Segment Start: PROVIDED RECORDS
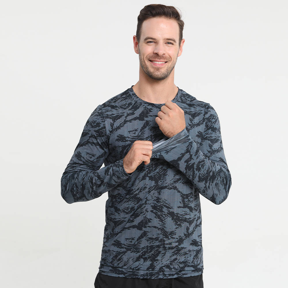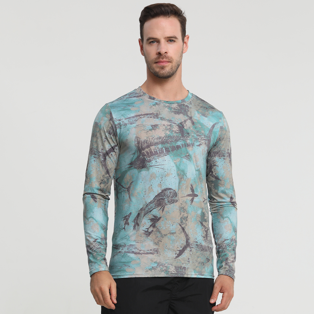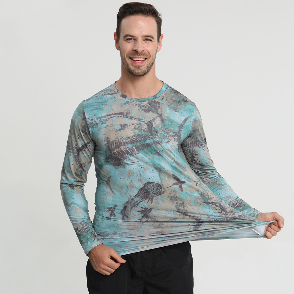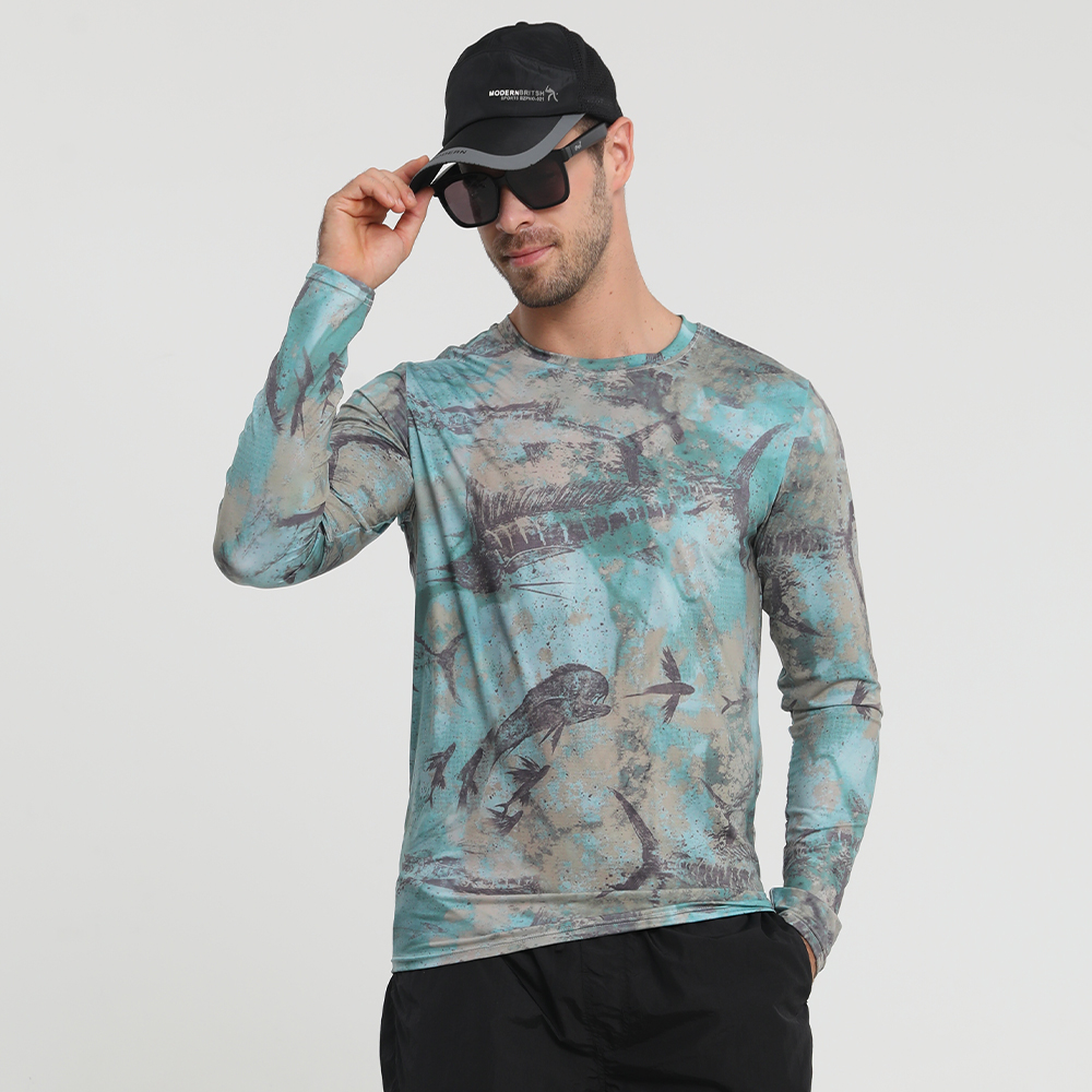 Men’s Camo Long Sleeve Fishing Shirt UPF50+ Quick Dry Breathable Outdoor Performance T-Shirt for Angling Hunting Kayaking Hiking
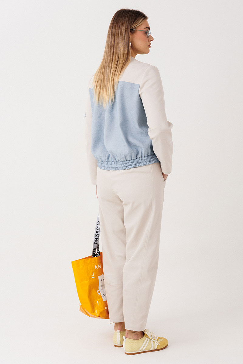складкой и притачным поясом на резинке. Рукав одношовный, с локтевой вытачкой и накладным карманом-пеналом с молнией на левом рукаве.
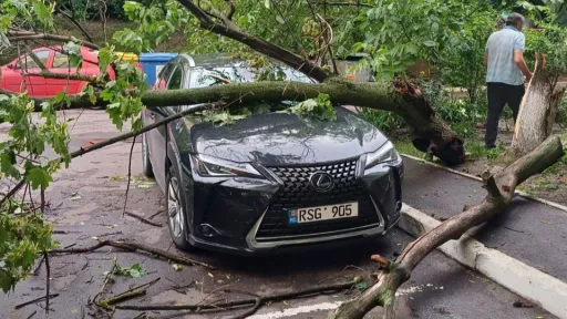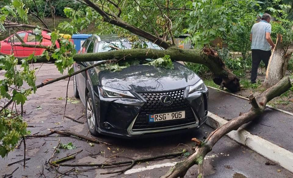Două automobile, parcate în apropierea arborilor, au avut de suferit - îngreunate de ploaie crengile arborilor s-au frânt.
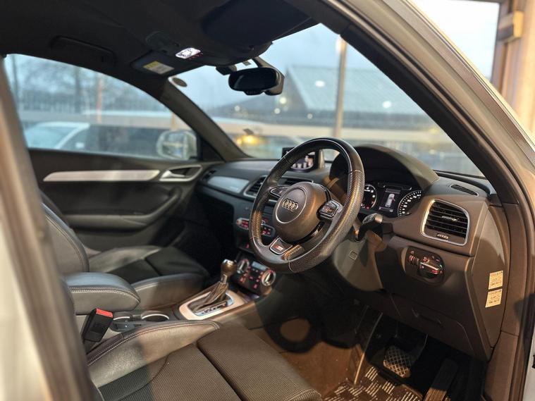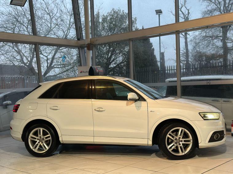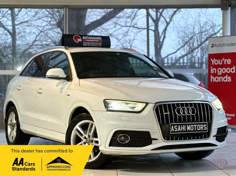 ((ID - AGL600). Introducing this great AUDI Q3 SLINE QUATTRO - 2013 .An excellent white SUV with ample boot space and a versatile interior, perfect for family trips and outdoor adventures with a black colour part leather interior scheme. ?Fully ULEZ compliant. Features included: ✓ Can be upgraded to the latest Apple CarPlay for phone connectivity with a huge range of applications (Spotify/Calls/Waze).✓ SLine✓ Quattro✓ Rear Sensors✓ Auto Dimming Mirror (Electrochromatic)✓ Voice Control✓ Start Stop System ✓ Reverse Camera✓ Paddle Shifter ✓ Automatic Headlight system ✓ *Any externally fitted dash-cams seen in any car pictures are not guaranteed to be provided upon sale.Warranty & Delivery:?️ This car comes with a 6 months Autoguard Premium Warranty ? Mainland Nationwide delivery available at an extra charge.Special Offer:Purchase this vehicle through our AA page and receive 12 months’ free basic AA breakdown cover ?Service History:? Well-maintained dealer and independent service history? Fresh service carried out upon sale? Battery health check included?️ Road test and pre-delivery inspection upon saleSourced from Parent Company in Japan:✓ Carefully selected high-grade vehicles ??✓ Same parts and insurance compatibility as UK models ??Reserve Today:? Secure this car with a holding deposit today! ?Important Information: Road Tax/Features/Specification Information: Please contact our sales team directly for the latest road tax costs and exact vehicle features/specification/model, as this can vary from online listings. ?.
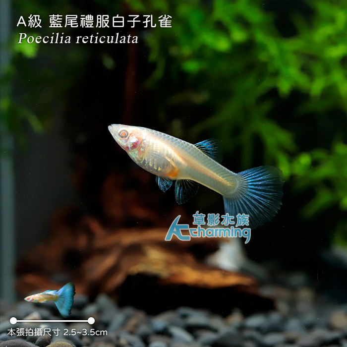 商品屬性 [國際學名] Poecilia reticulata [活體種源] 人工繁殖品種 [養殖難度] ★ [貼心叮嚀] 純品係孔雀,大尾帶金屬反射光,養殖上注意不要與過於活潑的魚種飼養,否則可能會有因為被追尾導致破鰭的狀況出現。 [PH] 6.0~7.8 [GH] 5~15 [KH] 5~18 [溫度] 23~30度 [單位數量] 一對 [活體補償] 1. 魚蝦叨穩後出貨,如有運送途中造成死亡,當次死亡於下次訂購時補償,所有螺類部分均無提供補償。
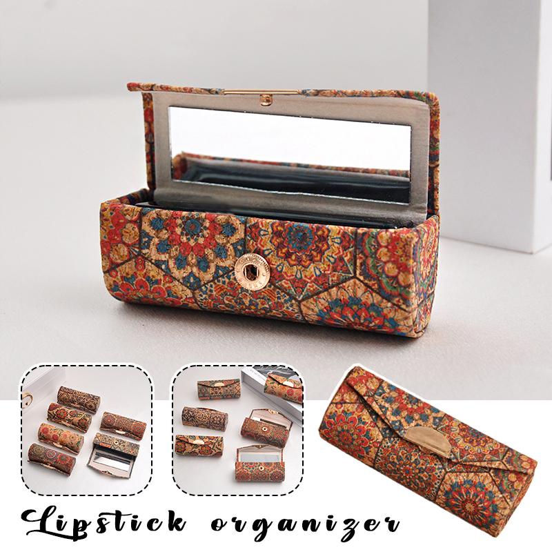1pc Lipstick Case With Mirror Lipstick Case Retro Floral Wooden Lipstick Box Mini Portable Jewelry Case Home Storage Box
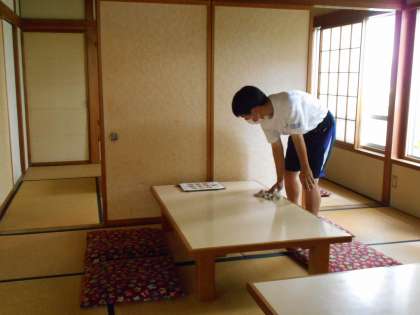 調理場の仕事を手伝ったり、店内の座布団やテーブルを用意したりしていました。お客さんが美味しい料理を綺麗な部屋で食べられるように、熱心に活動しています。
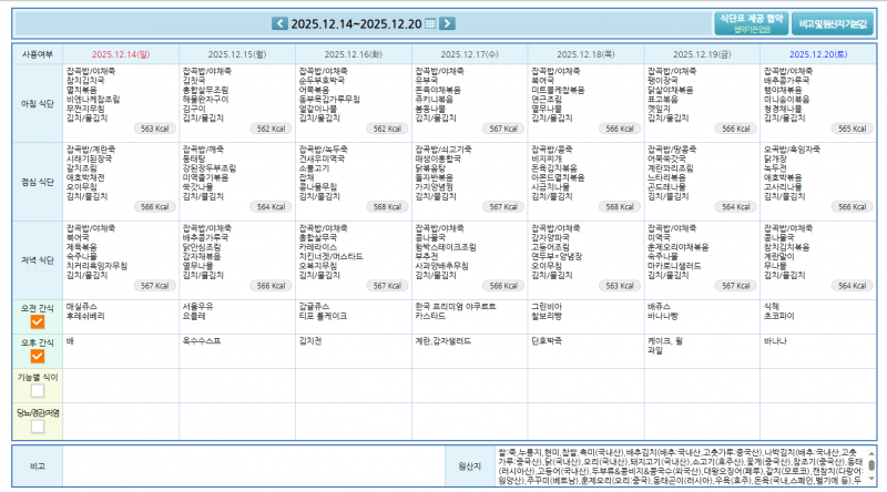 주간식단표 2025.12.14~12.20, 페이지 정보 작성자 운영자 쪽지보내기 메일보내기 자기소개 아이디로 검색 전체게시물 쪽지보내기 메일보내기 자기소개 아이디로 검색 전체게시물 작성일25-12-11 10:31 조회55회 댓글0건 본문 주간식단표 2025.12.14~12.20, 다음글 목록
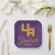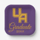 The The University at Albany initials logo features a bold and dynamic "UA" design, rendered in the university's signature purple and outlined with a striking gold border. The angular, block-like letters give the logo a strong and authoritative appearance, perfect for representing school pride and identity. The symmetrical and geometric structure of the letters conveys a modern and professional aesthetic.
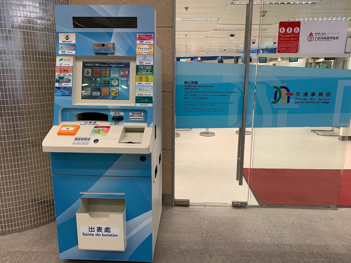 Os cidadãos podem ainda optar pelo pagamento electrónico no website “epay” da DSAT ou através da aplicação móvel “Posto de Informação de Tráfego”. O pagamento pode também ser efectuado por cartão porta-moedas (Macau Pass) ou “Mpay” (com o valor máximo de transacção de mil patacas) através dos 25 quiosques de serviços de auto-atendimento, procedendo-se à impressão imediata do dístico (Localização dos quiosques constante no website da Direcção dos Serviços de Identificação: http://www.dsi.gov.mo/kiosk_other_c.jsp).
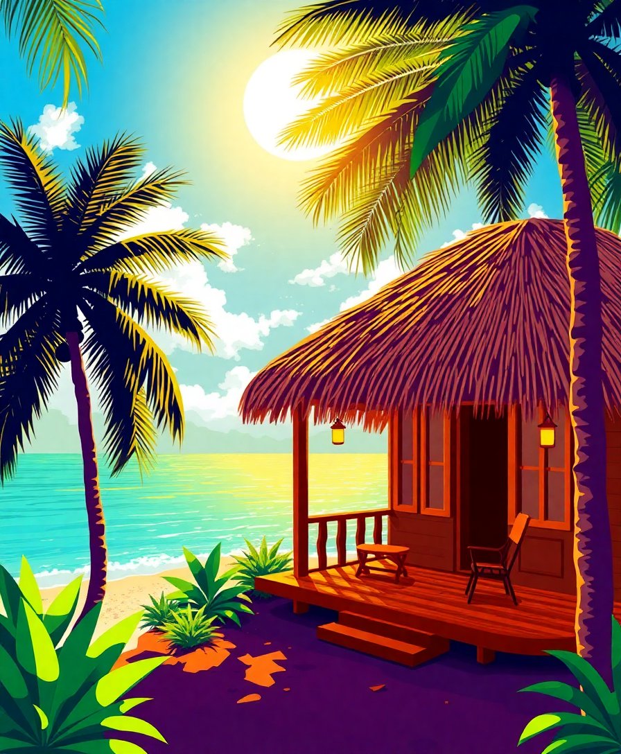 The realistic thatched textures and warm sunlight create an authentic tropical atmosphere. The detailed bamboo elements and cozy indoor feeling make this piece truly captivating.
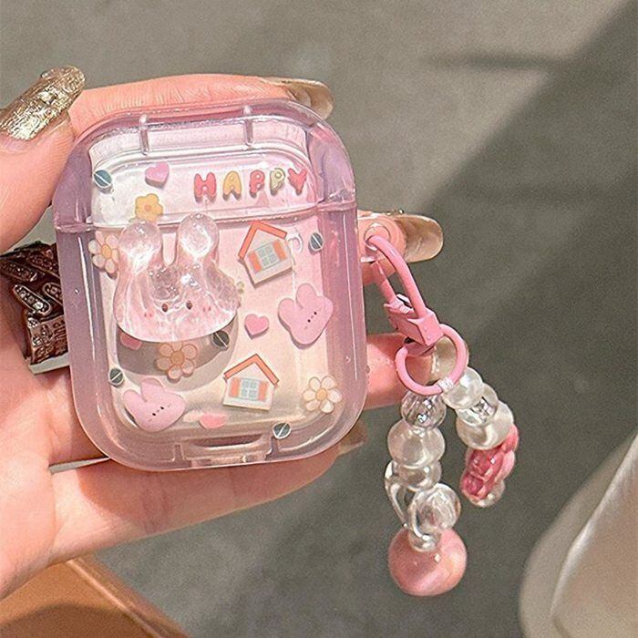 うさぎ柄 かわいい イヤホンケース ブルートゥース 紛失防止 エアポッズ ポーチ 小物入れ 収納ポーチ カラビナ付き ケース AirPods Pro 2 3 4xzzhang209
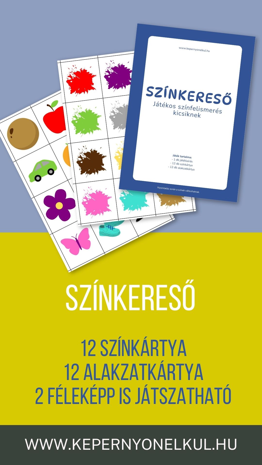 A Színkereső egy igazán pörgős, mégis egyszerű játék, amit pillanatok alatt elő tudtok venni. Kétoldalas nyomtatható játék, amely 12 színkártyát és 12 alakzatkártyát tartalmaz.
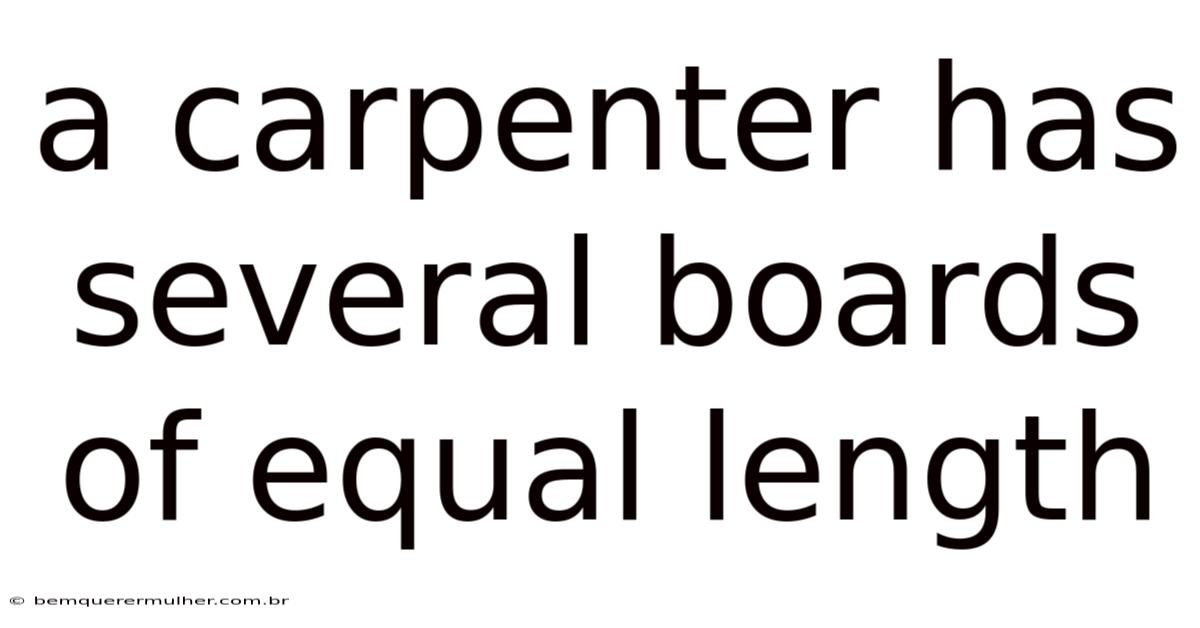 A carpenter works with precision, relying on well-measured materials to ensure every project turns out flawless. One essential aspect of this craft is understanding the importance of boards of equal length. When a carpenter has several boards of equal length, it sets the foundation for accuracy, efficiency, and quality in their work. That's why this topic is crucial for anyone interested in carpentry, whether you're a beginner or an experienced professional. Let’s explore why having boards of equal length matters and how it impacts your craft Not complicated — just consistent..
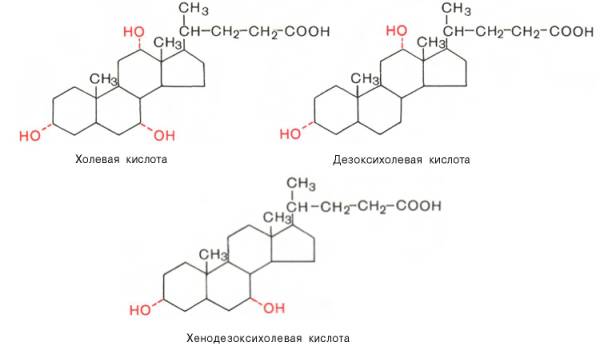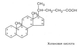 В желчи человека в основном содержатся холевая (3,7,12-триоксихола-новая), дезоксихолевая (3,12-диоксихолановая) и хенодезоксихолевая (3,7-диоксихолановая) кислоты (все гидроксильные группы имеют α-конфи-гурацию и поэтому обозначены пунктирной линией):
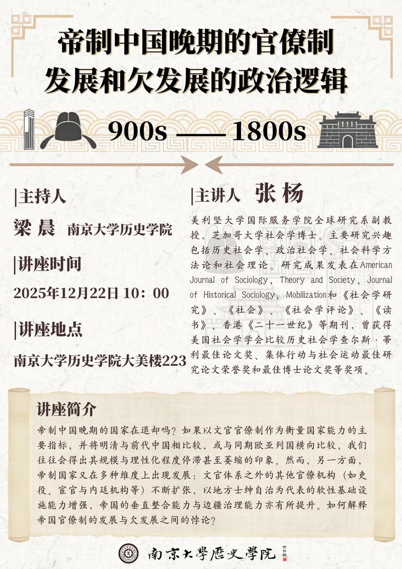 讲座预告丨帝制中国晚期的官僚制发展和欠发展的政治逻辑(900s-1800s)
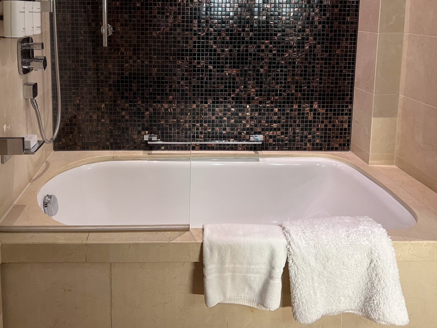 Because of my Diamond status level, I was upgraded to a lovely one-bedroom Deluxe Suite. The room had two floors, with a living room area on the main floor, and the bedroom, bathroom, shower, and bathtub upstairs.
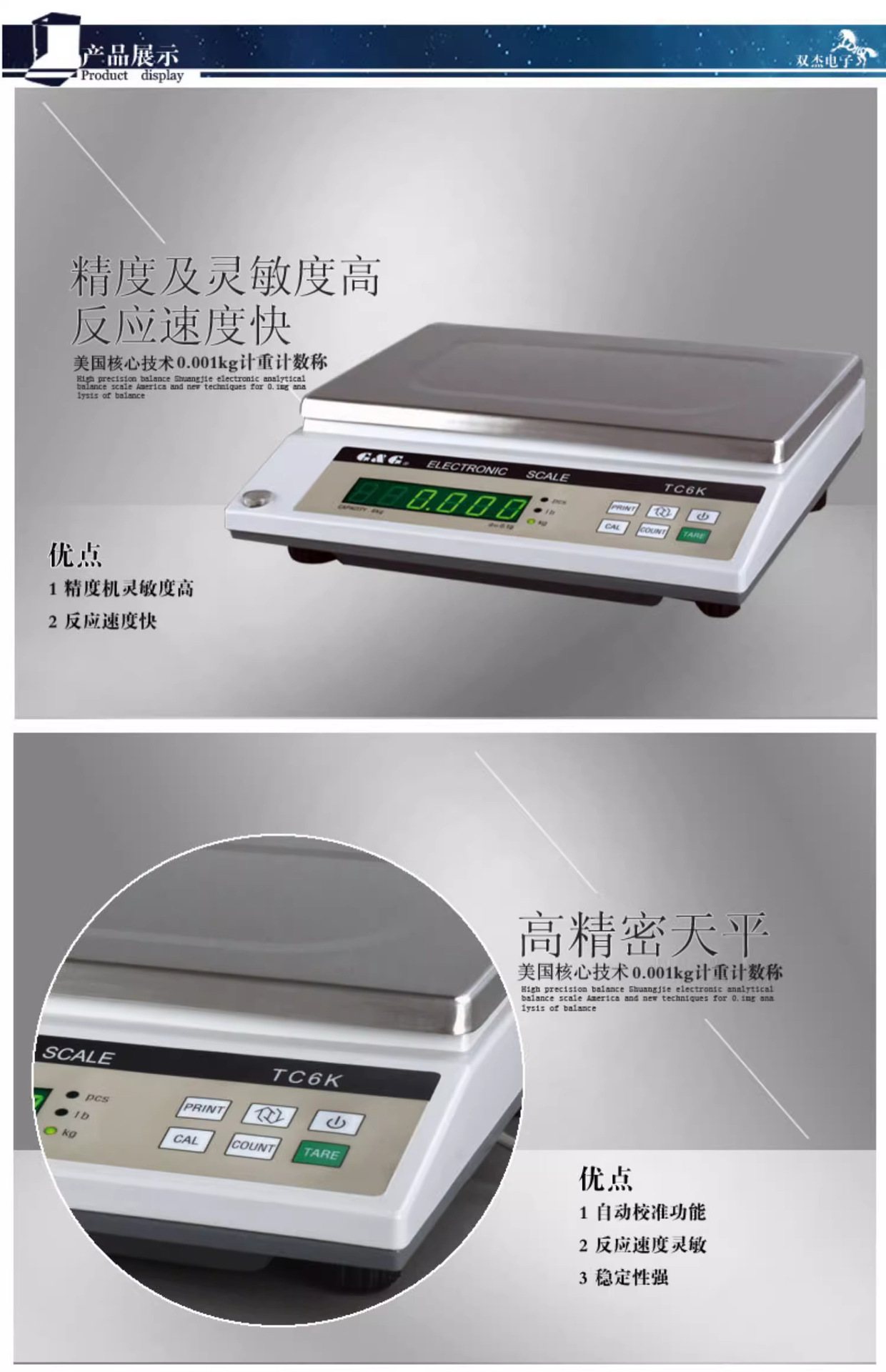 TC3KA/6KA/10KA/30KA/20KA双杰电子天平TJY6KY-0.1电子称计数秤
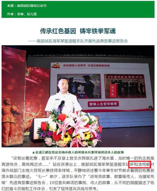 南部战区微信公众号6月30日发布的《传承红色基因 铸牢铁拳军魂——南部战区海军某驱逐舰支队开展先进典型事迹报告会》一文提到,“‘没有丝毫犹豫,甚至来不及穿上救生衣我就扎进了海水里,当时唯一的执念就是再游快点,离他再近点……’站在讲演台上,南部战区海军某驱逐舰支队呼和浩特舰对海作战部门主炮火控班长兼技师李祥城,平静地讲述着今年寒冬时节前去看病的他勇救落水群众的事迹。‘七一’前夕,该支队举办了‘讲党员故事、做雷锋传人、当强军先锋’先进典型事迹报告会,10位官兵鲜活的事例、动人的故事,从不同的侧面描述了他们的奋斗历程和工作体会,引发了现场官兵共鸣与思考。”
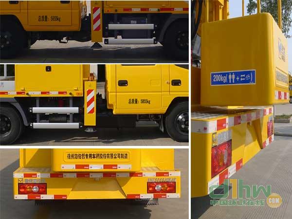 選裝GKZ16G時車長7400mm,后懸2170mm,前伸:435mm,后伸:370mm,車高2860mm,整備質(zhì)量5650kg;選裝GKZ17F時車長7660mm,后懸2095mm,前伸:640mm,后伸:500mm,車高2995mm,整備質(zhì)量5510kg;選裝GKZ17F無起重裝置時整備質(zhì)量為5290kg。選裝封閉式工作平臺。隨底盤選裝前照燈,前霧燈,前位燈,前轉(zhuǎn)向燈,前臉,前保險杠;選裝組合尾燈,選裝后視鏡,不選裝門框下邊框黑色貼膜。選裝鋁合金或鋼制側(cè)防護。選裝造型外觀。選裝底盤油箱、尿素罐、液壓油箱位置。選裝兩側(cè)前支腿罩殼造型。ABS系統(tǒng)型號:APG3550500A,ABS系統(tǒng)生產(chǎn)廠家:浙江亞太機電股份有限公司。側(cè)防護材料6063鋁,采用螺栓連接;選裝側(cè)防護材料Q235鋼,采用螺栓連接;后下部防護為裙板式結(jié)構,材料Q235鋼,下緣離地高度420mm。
Segment End: PROVIDED RECORDS
• ASSIGNMENT:
Nothing but the lines from the first line of the data above through the line holding "((ID - AGL600)." may appear in the response, copied exactly and without pictures.

• WRITTEN RESPONSE:
 Men’s Camo Long Sleeve Fishing Shirt UPF50+ Quick Dry Breathable Outdoor Performance T-Shirt for Angling Hunting Kayaking Hiking
складкой и притачным поясом на резинке. Рукав одношовный, с локтевой вытачкой и накладным карманом-пеналом с молнией на левом рукаве.
Două automobile, parcate în apropierea arborilor, au avut de suferit - îngreunate de ploaie crengile arborilor s-au frânt.
 ((ID - AGL600). Introducing this great AUDI Q3 SLINE QUATTRO - 2013 .An excellent white SUV with ample boot space and a versatile interior, perfect for family trips and outdoor adventures with a black colour part leather interior scheme. ?Fully ULEZ compliant. Features included: ✓ Can be upgraded to the latest Apple CarPlay for phone connectivity with a huge range of applications (Spotify/Calls/Waze).✓ SLine✓ Quattro✓ Rear Sensors✓ Auto Dimming Mirror (Electrochromatic)✓ Voice Control✓ Start Stop System ✓ Reverse Camera✓ Paddle Shifter ✓ Automatic Headlight system ✓ *Any externally fitted dash-cams seen in any car pictures are not guaranteed to be provided upon sale.Warranty & Delivery:?️ This car comes with a 6 months Autoguard Premium Warranty ? Mainland Nationwide delivery available at an extra charge.Special Offer:Purchase this vehicle through our AA page and receive 12 months’ free basic AA breakdown cover ?Service History:? Well-maintained dealer and independent service history? Fresh service carried out upon sale? Battery health check included?️ Road test and pre-delivery inspection upon saleSourced from Parent Company in Japan:✓ Carefully selected high-grade vehicles ??✓ Same parts and insurance compatibility as UK models ??Reserve Today:? Secure this car with a holding deposit today! ?Important Information: Road Tax/Features/Specification Information: Please contact our sales team directly for the latest road tax costs and exact vehicle features/specification/model, as this can vary from online listings. ?.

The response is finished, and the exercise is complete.